§ **Instructions to follow**: Output the data below exactly, images excluded.

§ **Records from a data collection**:
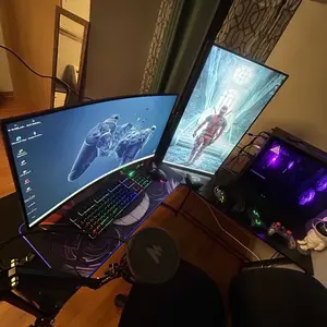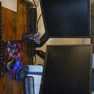 dont mind the game loadout, bad i know. that aside these monitor arms are honestly amazing, ive always had issues with my monitor stands before so this was an amazing purchase. im just slightly disappointed that the arms cant go lower than you see them in the photos, only nitpick i have.
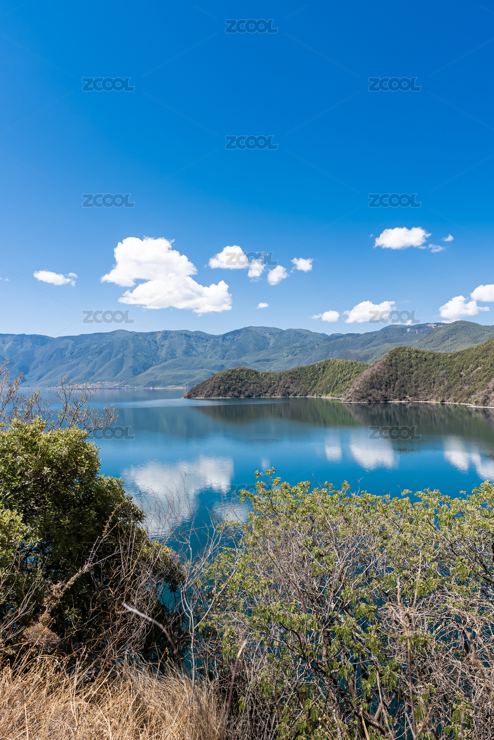 蓝天白云倒影在中国泸沽湖的水面上
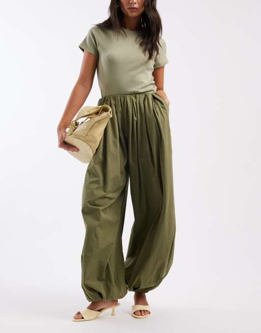 ASOS DESIGN - Pantalon en popeline à ourlet bouffant - Vert olive
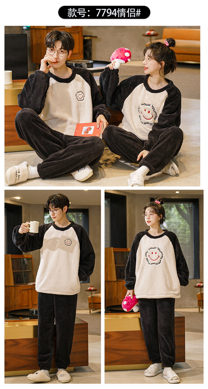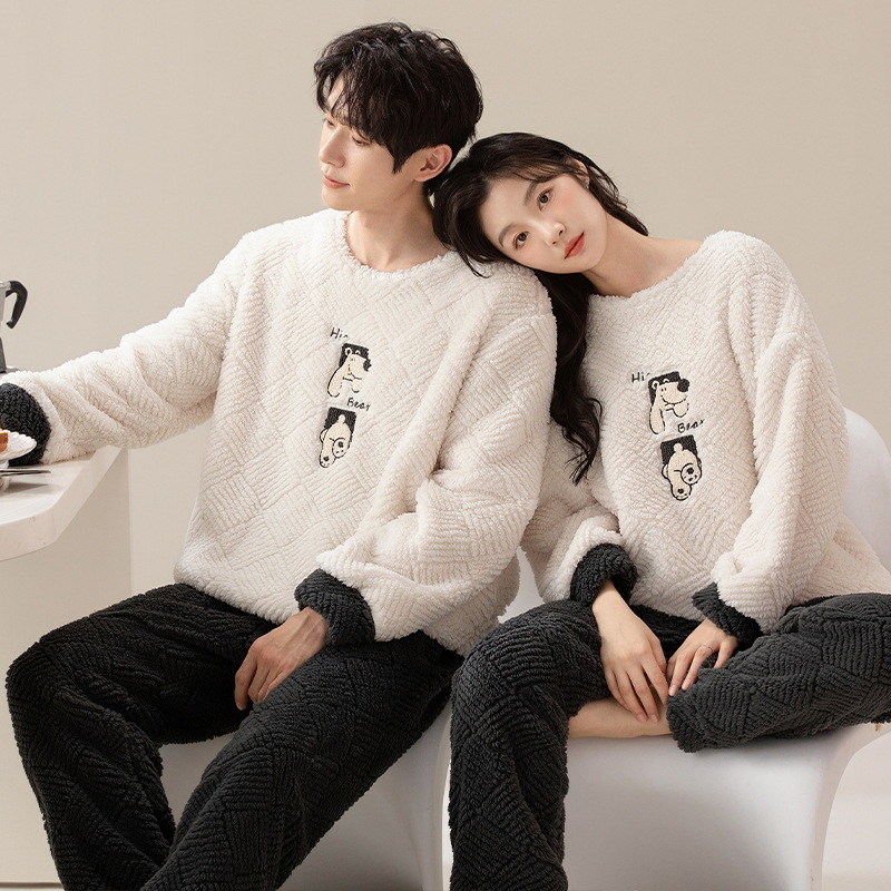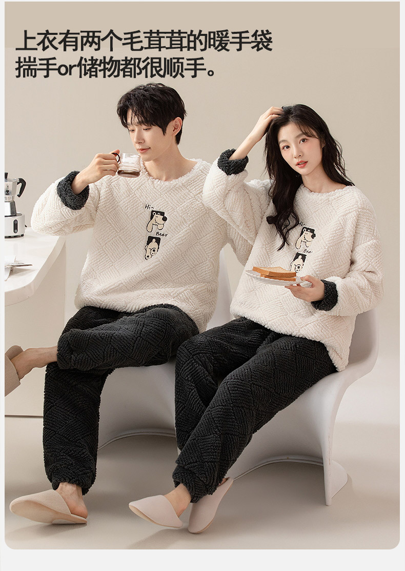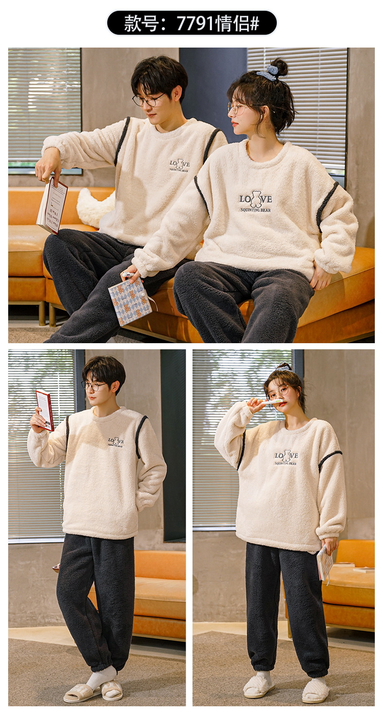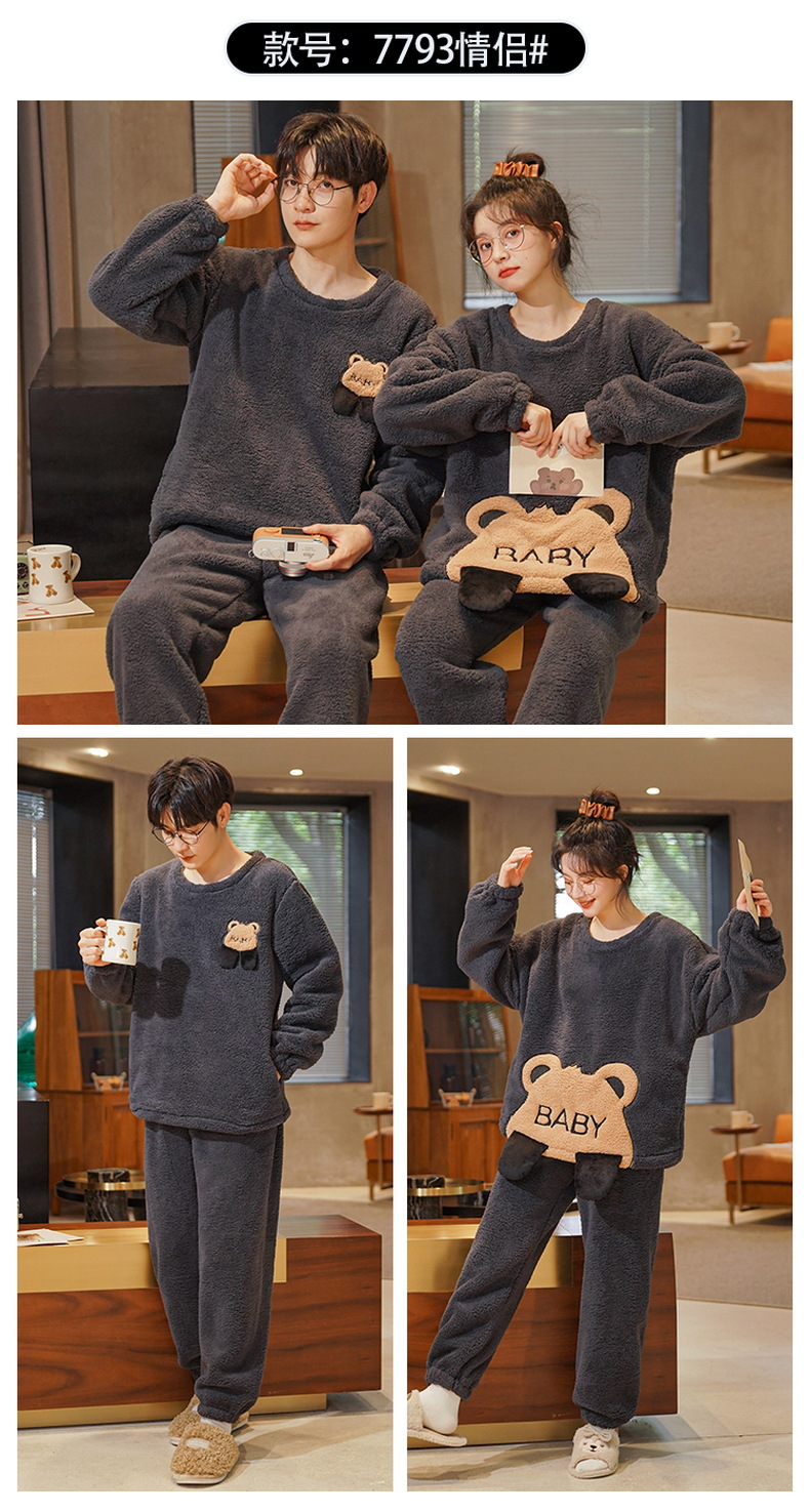 커플 잠옷 가을과 겨울 두꺼운 따뜻한 산호 양털 여성 만화 겨울 플란넬 남자 홈 의류 세트스토어 가기
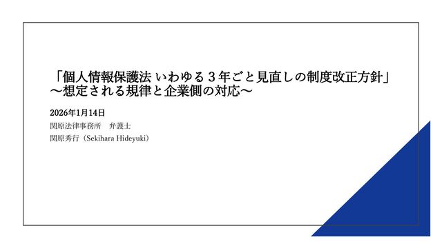 「個人情報保護法 いわゆる3年ごと見直しの制度改正方針」 ~想定される規律と企業側の対応~ 2026年1月14日 関原法律事務所 弁護士 関原秀行(Sekihara Hideyuki)
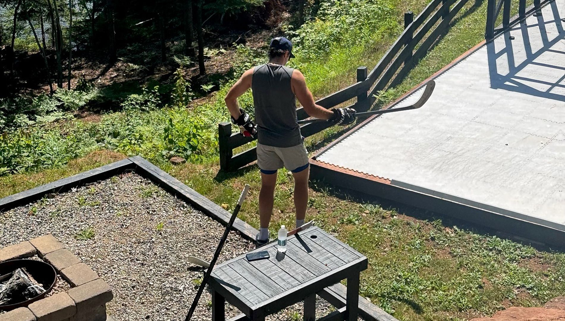C’est connu, durant l’été, Noah aime bien lancer des rondelles au filet, afin de garder sa touche offensive, ayant fait construire une surface extérieure en conséquence.
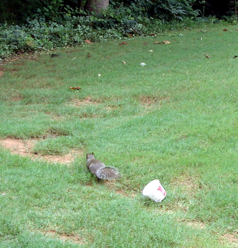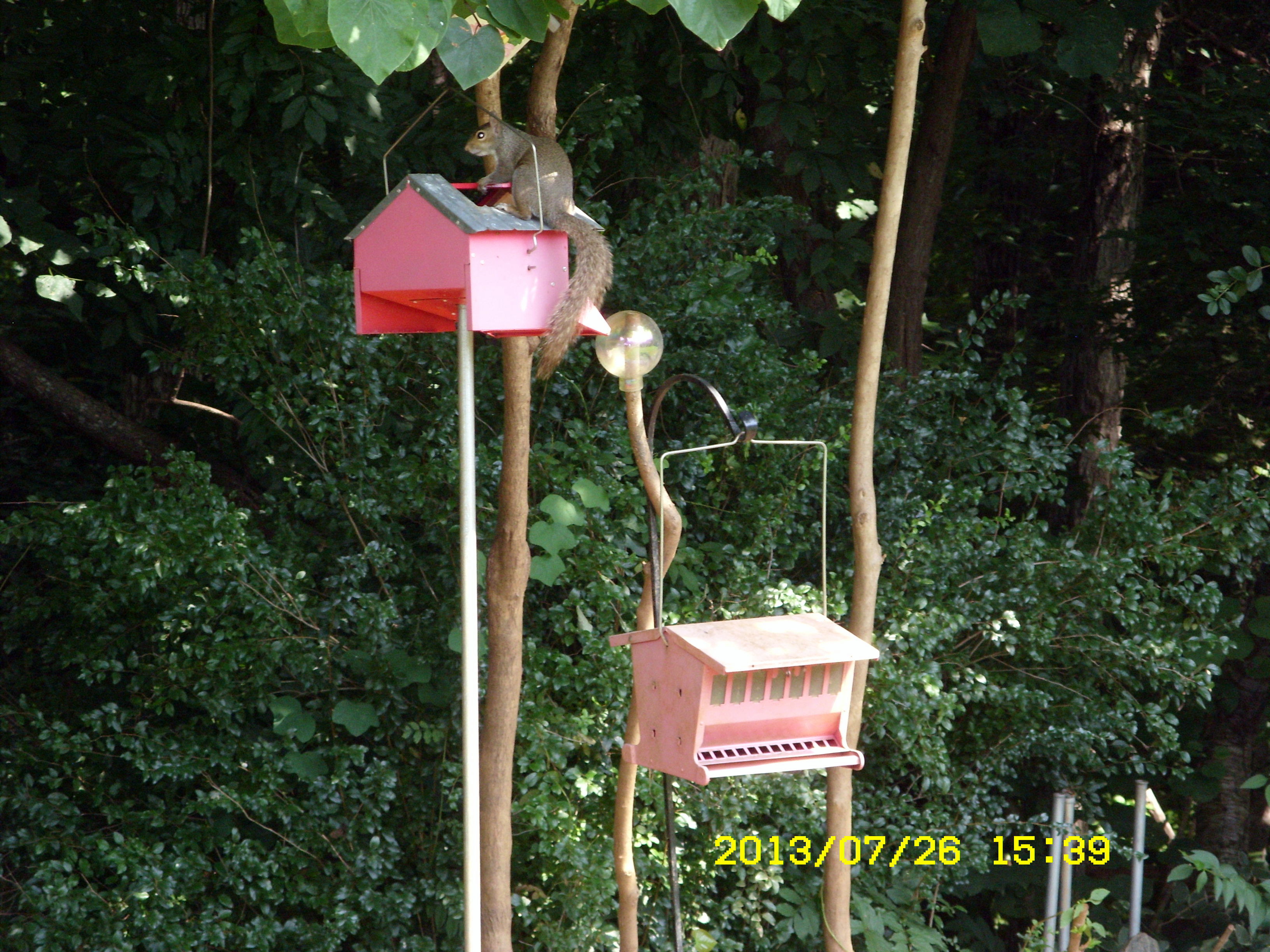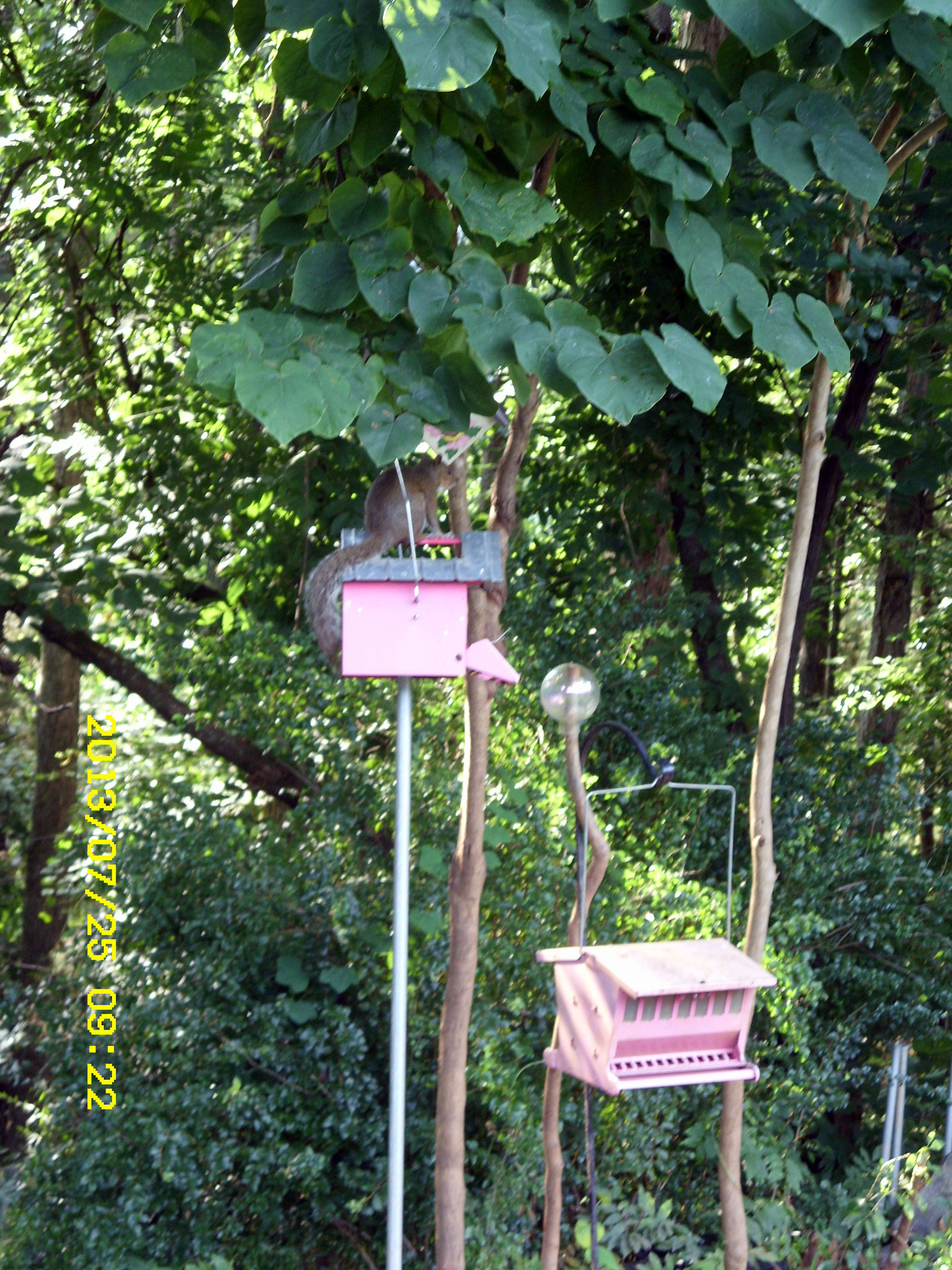 9:20 AM: A casual glance out the window alerted me to another “happening” in my backyard. A squirrel was on top of the “squirrel buster” bird feeder. “How did he get the top off?”

§ **Exercise result**:
 dont mind the game loadout, bad i know. that aside these monitor arms are honestly amazing, ive always had issues with my monitor stands before so this was an amazing purchase. im just slightly disappointed that the arms cant go lower than you see them in the photos, only nitpick i have.
 蓝天白云倒影在中国泸沽湖的水面上
 ASOS DESIGN - Pantalon en popeline à ourlet bouffant - Vert olive
 커플 잠옷 가을과 겨울 두꺼운 따뜻한 산호 양털 여성 만화 겨울 플란넬 남자 홈 의류 세트스토어 가기
 「個人情報保護法 いわゆる3年ごと見直しの制度改正方針」 ~想定される規律と企業側の対応~ 2026年1月14日 関原法律事務所 弁護士 関原秀行(Sekihara Hideyuki)
C’est connu, durant l’été, Noah aime bien lancer des rondelles au filet, afin de garder sa touche offensive, ayant fait construire une surface extérieure en conséquence.
 9:20 AM: A casual glance out the window alerted me to another “happening” in my backyard. A squirrel was on top of the “squirrel buster” bird feeder. “How did he get the top off?”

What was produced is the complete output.